The move means a final decision on whether to restrict grass field burning won’t be made until early 1996, according to SCAPCA director Eric Skelton.

Bluegrass farmers this year may begin burning their fields Aug. 15 and continue through Sept. 28, weather permitting. They have promised not to light fields Friday through Sunday, or Labor Day, though no regulations are in place to legally restrict burning on those days.

Last year, 105 Spokane County farmers burned 27,130 acres, Skelton said.

Growers annually torch their fields after harvest to clear chaff and boost yields for the coming year. They say fire is the surest method to keep the bluegrass industry in business.

Field-burning opponents, however, say the practice clogs the skies with unhealthy smoke and particles, forcing respiratory sufferers indoors.

Unveiling results of public testimony on grass burning, Skelton told the board that 94 percent of the 369 people who spoke or wrote to the agency were against grass burning. Of those opposed, 250 asked that grass burning be phased out or banned immediately. Public health was the most common reason cited for opposition.

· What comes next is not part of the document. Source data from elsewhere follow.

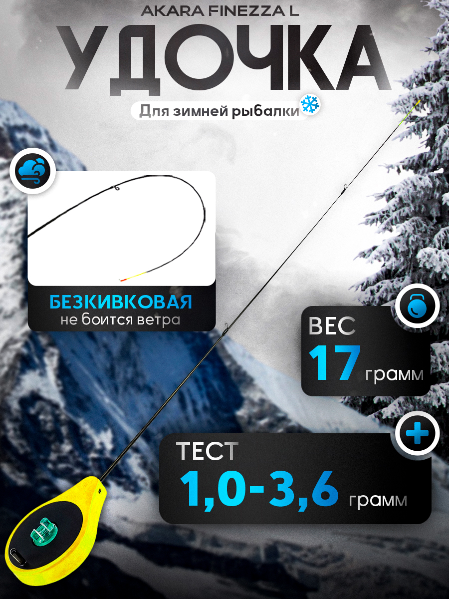 Удочка зимняя Akara Finezza L безкивковая 35см 1-3,6гр балалайка, с кольцами, хлыст стеклопластик, желтая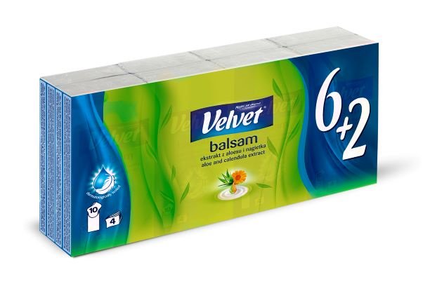 - Velvet papírové kapesníčky Balsam 4vrstvé 6+2ks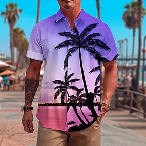 男性用 ココナッツの木 自然风光 熱帯植物 シャツ アロハシャツ 半袖 シャツ 折襟 ファッション ハワイアン デザイナー アウトドア ストリート カジュアル 白 + 赤 ブルー ライトパープル プリント S M L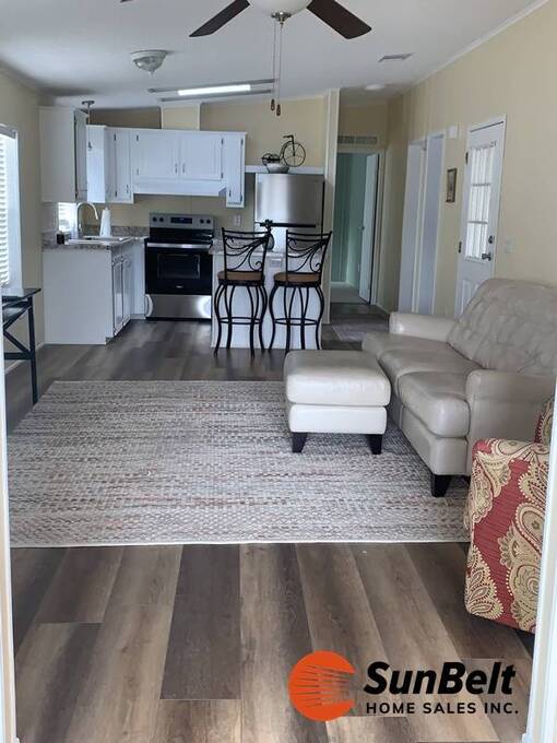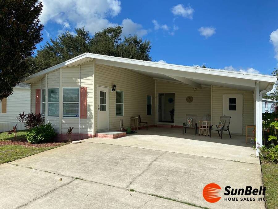Now priced at $64,800, the seller is motivated and encourages interested buyers to reach out, tour the home, and present a reasonable offer. This inviting 2-bedroom, 2-bath home in Meadowlea Village offers comfortable living with thoughtful updates throughout. The newly renovated kitchen and refreshed bathrooms give the home a clean, modern feel, while the spacious dining area at the front overlooks a quiet pond and fountain. A pleasant view with visiting birds and a touch of nature. Lot rent isn't just rent-it includes basic cable, water, sewer, trash, and lawn care, saving you serious money each month. This truly is a lock-and-leave community where you can enjoy the Florida lifestyle without the hassle of constant upkeep. Inside, you'll find bright, open living spaces, skylights in the kitchen and guest bath, and a primary suite with his-and-hers closets. The laundry room is under central air for convenience, and the large shed under the carport is set up as a workshop with a built-in bench. Perfect for projects or extra storage. Meadowlea Village is a friendly 55+ community with a pool, clubhouse, shuffleboard, cornhole, and regular neighborhood activities. This move-in-ready home combines comfort, updates, and a peaceful setting. All just minutes from shopping, dining, and historic downtown DeLand.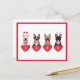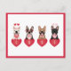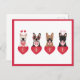 Illustration von drei französischen Bulldohhundewelpen verschiedener Farben, die im Valentinstag-Kleid aus den Herzen springen.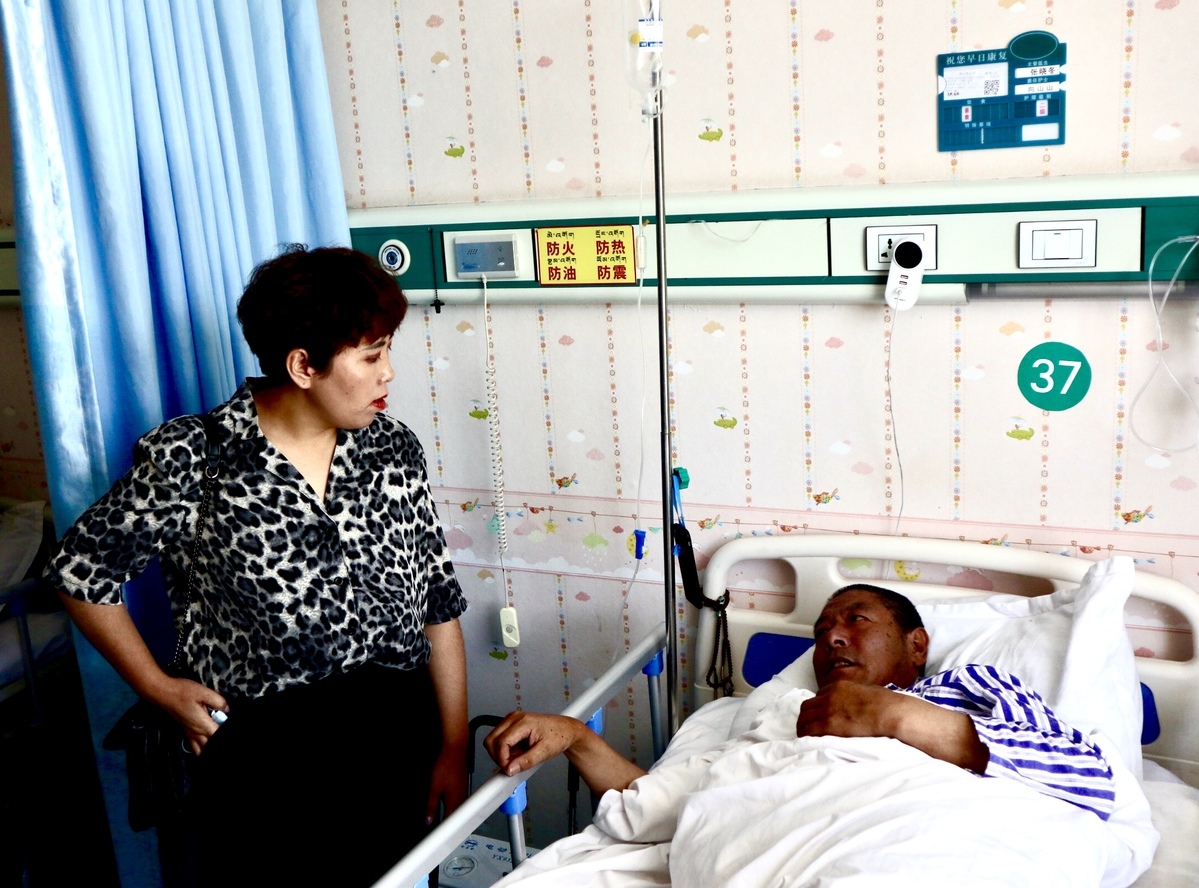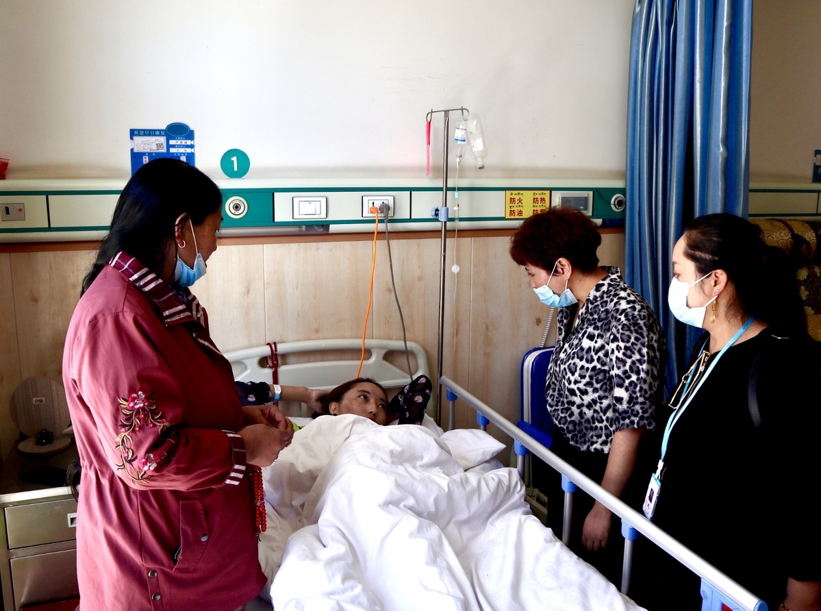 Kyila, a visually impaired woman working for the Fukang Angel Foundation, checks the condition of a patient in the hospital. [Photo by Palden Nyima/chinadaily.com.cn]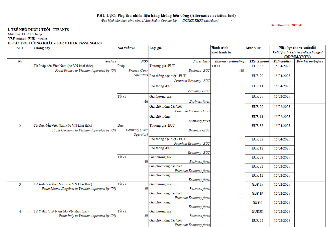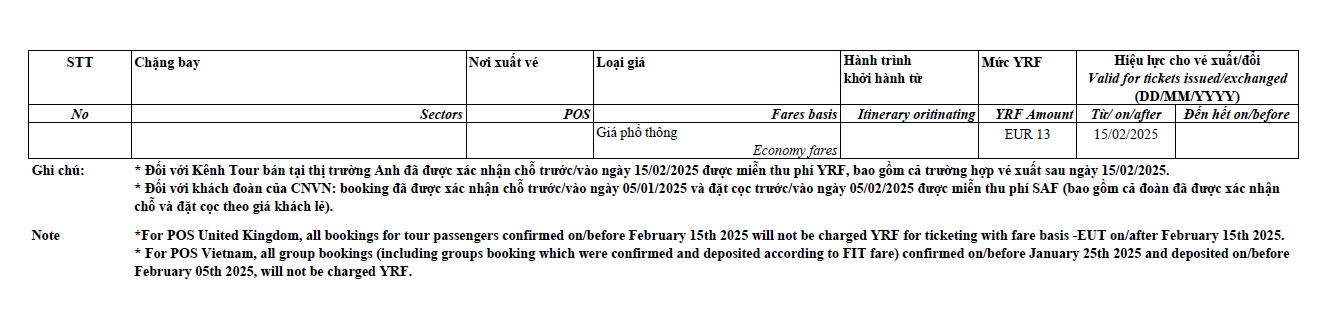 Değerli Acentelerimiz Önümüzdeki yıl için hepinize en iyi dileklerimizi sunuyoruz. Vietnam Havayolları uzun yıllardan beri daha ekolojik bir endüstri için çalışmaktadır. Vietnam Havayolları tarafından Avrupa'dan Vietnam'a gerçekleştirilen tüm uçuşlarda yeni bir Alternatif Havacılık Yakıtı (YFR) vergisi uygulanacaktır. VERGİ'nin uygulanmasına ilişkin belgeyi aşağıda bulabilirsiniz: - Fransa / Almanya / İtalya / Birleşik Krallık'tan VN uçuşları, - Ücret aralığı (VN taşıyıcı ücretleri + Tüm nego ücretleri // BT ücretlerinin farklı uygulama tarihleri vardır), - Tutarlar Business Class / Premium Economy Class / Economy Class ve Vietnam Airlines uçuşlarının kalkış ülkesine göre değişir.   Saygılarımızla, APG HAVACILIK VE TURİZM LTD STI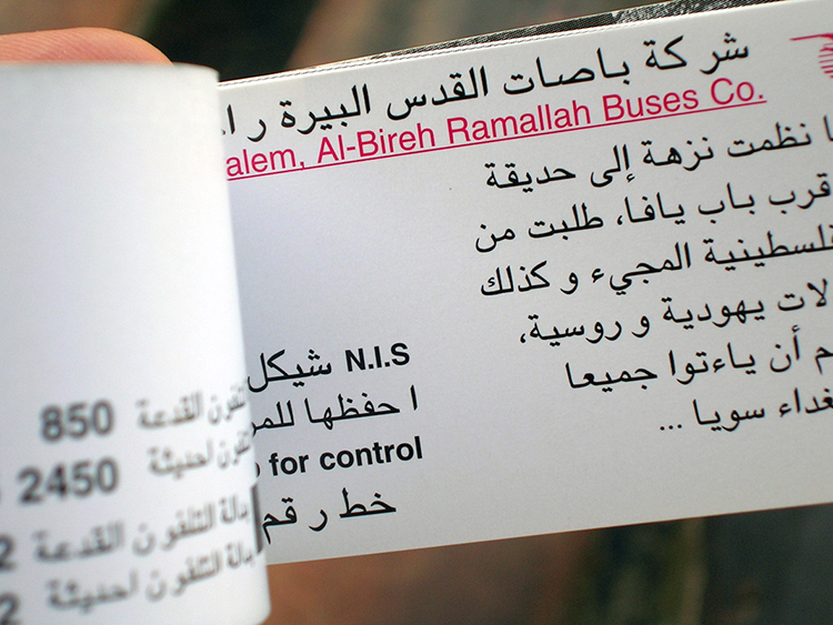 … J’ai mon père, ça fait 1 an et demi que j’essaye d’avoir une autorisation pour qu’il vienne visiter sa famille, il est en retraite en Algérie, ça fait 10 ans qu’il est pas venu, on demande le visa : ça se fait pas chez l’Autorité Palestinienne, on fait, on dépose dans un bureau palestinien et les Palestiniens vont envoyer à Erez aux Israéliens et ils refusent, on envoie une réponse : refusé, refusé, refusé, ils donnent pas de raison, on ne sait pas pourquoi… J’ai un ami, sa femme est en Libye, elle veut rentrer, ça fait 2 ans qu’elle essaye de rentrer, il demande le visa pour elle et c’est refusé, refusé… On ne peut pas être autonome si on ne peut pas se voir entre nous sur notre terre, on ne peut pas être autonome si on ne se déplace pas librement… L’Autorité Palestinienne ne peut pas délivrer de passeport pour les Palestiniens s’ils n’ont pas de carte de résidence israélienne, si les Israéliens te donnent une autorisation de résidence, ils te donnent l’autorisation comme quoi tu es un citoyen palestinien, l’Autorité peut te délivrer un passeport, tu n’as pas d’autorisation isrélienne, tu ne peux pas avoir de passeport palestinien…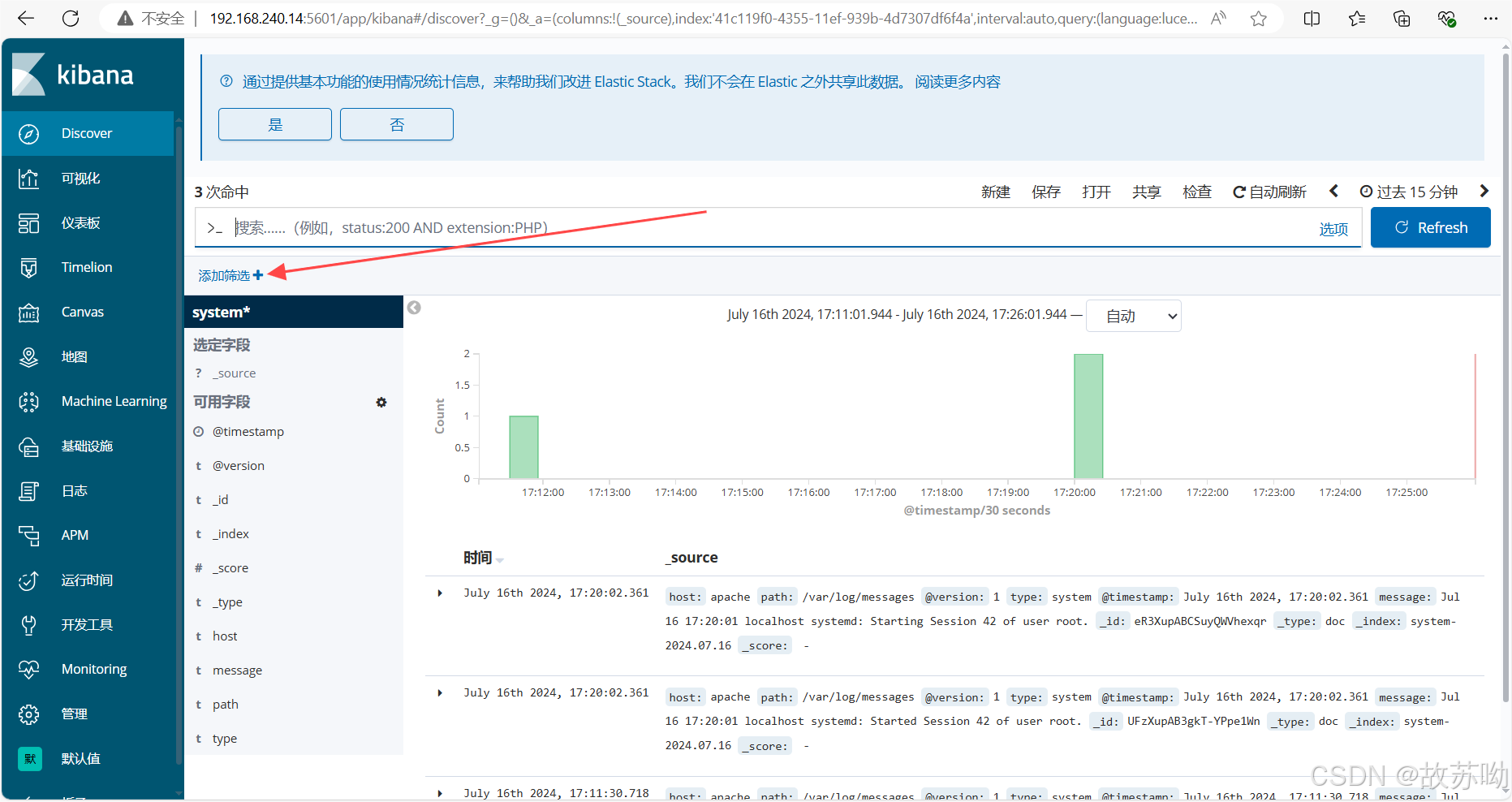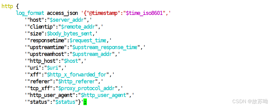 yum install -y epel-release.noarch yum install -y nginx systemctl start nginx vim /etc/nginx/nginx.conf log_format access_json '{"@timestamp":"$time_iso8601",' '"host":"$server_addr",' '"clientip":"$remote_addr",' '"size":$body_bytes_sent,' '"responsetime":$request_time,' '"upstreamtime":"$upstream_response_time",' '"upstreamhost":"$upstream_addr",' '"http_host":"$host",' '"uri":"$uri",' '"xff":"$http_x_forwarded_for",' '"referer":"$http_referer",' '"tcp_xff":"$proxy_protocol_addr",' '"http_user_agent":"$http_user_agent",' '"status":"$status"}'; nginx -s reload 另一台主机访问curl 192.168.240.13 ,生成成功日志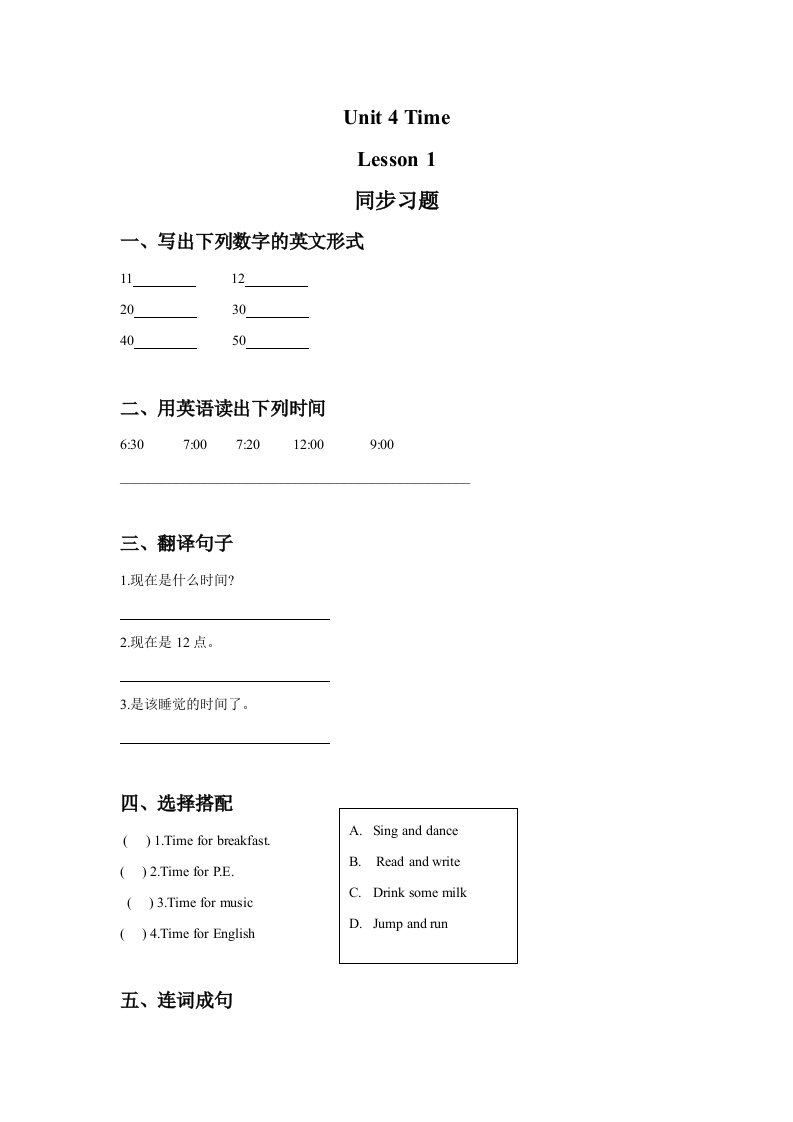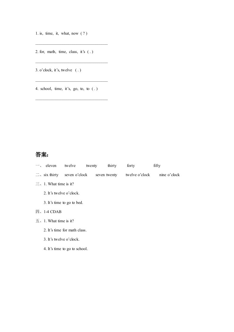 二年级英语下册Unit4TimeLesson1同步练习3(人教版)_共2页

But Harris, who recently joined the board, scoffed at the findings, saying they were unscientific. He said he likes to come to a decision by “walking around and talking to people.”

“People haven’t been given the opportunity to express themselves,” he said. “We’re getting dangerously close to making a decision based on emotion, not on fact.”

Harris suggested a scientific public poll, but Hasson torpedoed that idea.

“I’m against polls because that defers leadership,” Hasson said. “Four or five reasonable people ought to be able to conclude an action one way or another.”

Patricia Hoffman, founder of Save Our Summers, an anti-grass burning group, accused the board of tabling the debate until after the smoke - and opposition - disappears.

“Obviously, they want us to go away,” she said. “They want to talk about it in the middle of winter when no one is thinking about grass burning.”

But John Cornwall, president of the Intermountain Grass Growers Association, said SOS was frightening people with no scientific evidence of a public health problem.

“They’ve got the breathing impaired scared to death that as soon as they take a gulp of grass smoke, they’re going to die,” he said.